*** Exercise data
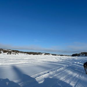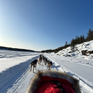 真っ白な雪原(凍った湖の上です)を5,6匹のわんちゃんに引かれてとても気持ちよかったです。
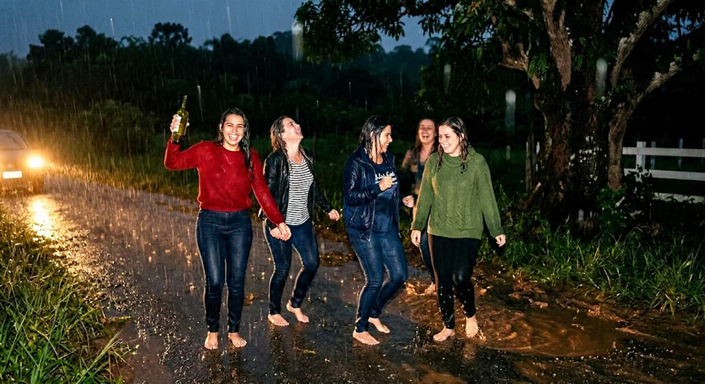 Luciana encosta o carro atrás de uma grande árvore, descemos todas, pegamos uma garrafa de vinho e fomos dançar na chuva, ri, relembrar da infância, em pouco tempo o que era estressante deu um lugar a um miomento especial.
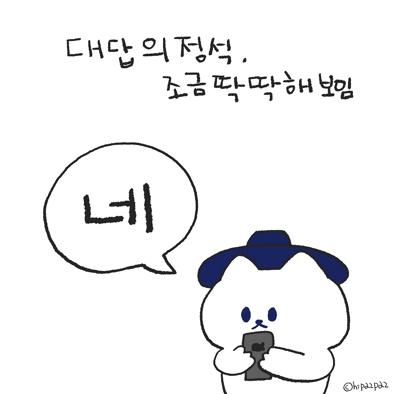 아무래도 넵이 아닐까 합니다. 하지만 나이가 한 살 두 살 먹어 감에 따라 물결(~)과 점점점(…)을쓰고 싶어 지는 건 왜일까요? 한국인은 해학과 흥의 민족이라서 그런가 봅니다.
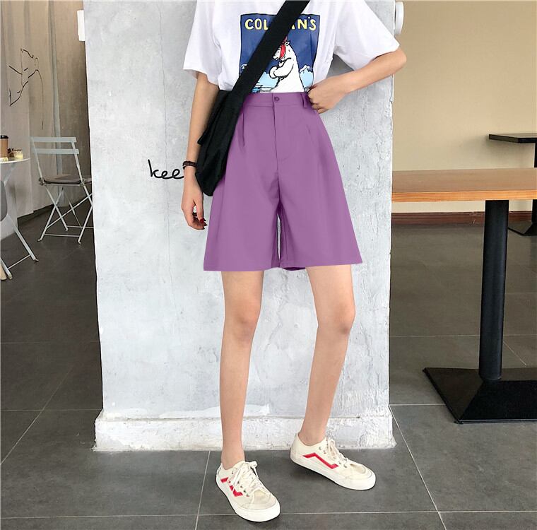 ボトムス パンツ 膝上 ハイウエスト きれいめ シンプル カジュアル 無地 春 夏 秋 10代 20代 30代 40代 50代 60代 レディース 女性用 ママ オフィス 通勤 お出かけ 休日 着回し 普段使い 楽ちん S M L XL 黒 ブラック 紫 パープル
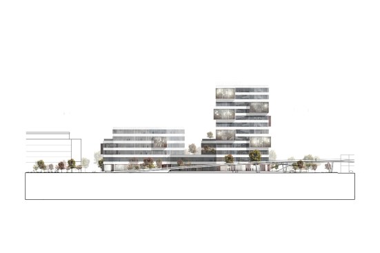 The building’s facade and its framed openings create great transparency, inviting sights from the outside and optimizing the intake of daylight. Roof terraces, solar panel systems and green roofs make up the building’s horizontal surfaces.
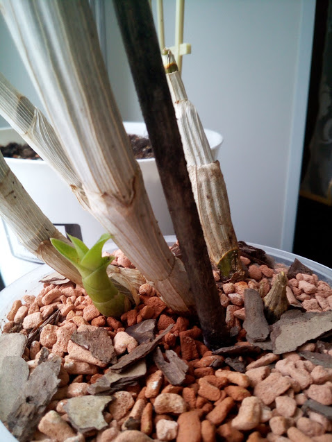 С дендробиумом я ошиблась, когда посадила его в колбу. Ему такой способ не подходит. Хорошо, что я вовремя спохватилась и пересадила его в смесь коры и серамиса. И теперь у него появился новый росток
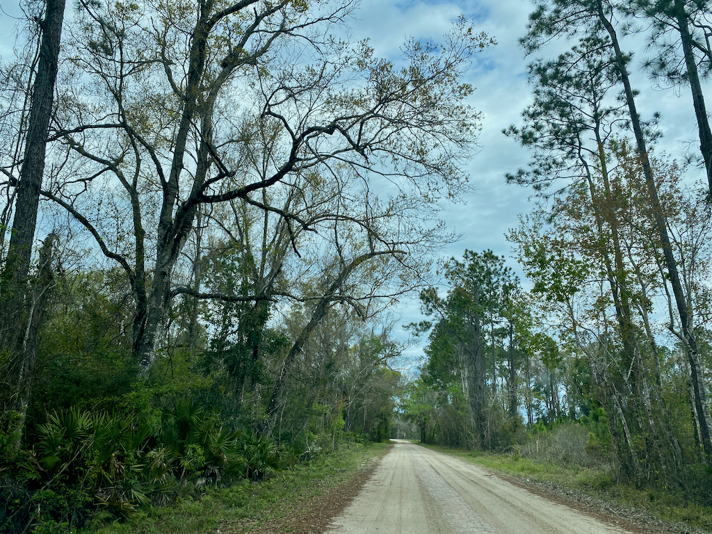 Al na een goede 20 minuten besluit ik dat we de Heritage Scenic Highway gaan rijden richting Hastings. We belanden na het kleine dorpje Espanola, schattig met van die kronkelige bomen met Spaans mos, direct op de Old Dixie Highway. Ik kan je vertellen: dat klinkt romantischer dan het is. Een groot, breed zandpad met in het midden nog van die oude klinkers waar ooit een weg was. En dat gewoon een 11 mijl lang. Volgens Google Maps doe je daar 23 minuten over, nou, in ons tempo was het bijna een uur hoor. En wat je dan ziet? Bomen, heel veel rechte, aangeplante bomen. Eén eekhoorn en een vlinder. Dat was het wildlife onderweg. Maar ok, ik snap het, een klinkerweg is erfgoed, die hebben ze nu niet meer.
******
* [What to produce] Leaving all pictures out, output exactly the lines of the material above from the line with "Luciana encosta o" to the line with "ボトムス パンツ 膝上", both included.

* [Solution for this exercise]
 Luciana encosta o carro atrás de uma grande árvore, descemos todas, pegamos uma garrafa de vinho e fomos dançar na chuva, ri, relembrar da infância, em pouco tempo o que era estressante deu um lugar a um miomento especial.
 아무래도 넵이 아닐까 합니다. 하지만 나이가 한 살 두 살 먹어 감에 따라 물결(~)과 점점점(…)을쓰고 싶어 지는 건 왜일까요? 한국인은 해학과 흥의 민족이라서 그런가 봅니다.
 ボトムス パンツ 膝上 ハイウエスト きれいめ シンプル カジュアル 無地 春 夏 秋 10代 20代 30代 40代 50代 60代 レディース 女性用 ママ オフィス 通勤 お出かけ 休日 着回し 普段使い 楽ちん S M L XL 黒 ブラック 紫 パープル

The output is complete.